The Panhellenic Federation of Cultural Associations of Vlachs (Πανελλήνια Ομοσπονδία Πολιτιστικών Συλλόγων Βλάχων) is an organization of Aromanians ("Vlachs") in Greece. The Aromanians are an ethnic group scattered over the Balkans living in many countries such as Albania, Bulgaria, North Macedonia, Romania and Serbia, as well as Greece, which has the largest concentration of them. The Aromanians of Greece are characterized by their disinterest in initiatives that aim to maintain the Aromanian culture and language outside the familiar environment and many have repeatedly expressed opposition to foreign organizations that have tried to help them achieve this.
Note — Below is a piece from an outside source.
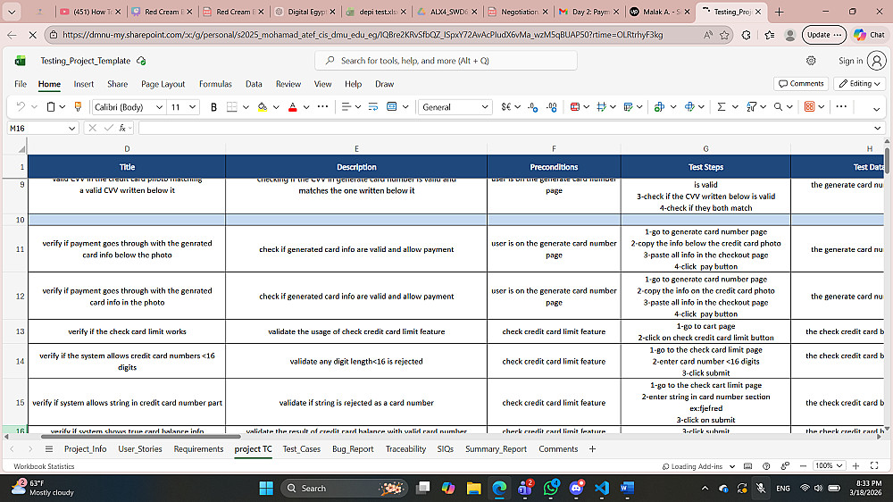 - لذلك أقدم لك خدمة اختبار برمجي شامل (Software Testing) لمساعدتك في اكتشاف الأخطاء وتحسين الأداء وضمان جودة منتجك قبل إطلاقه أو استخدامه بشكل واسع.

The Panhellenic Federation of Cultural Associations of Vlachs is the largest Aromanian cultural organization in Greece and the world. As of 2001, the organization was made up of 65 minor Aromanian associations. This number had risen to 85 in 2004 and to 101 in 2009. Usually, other Aromanian organizations in Greece are not active, and none of the around 200 that exist in the country have a name in the Aromanian language. In fact, many of them do not even have the word "Vlach" in their names.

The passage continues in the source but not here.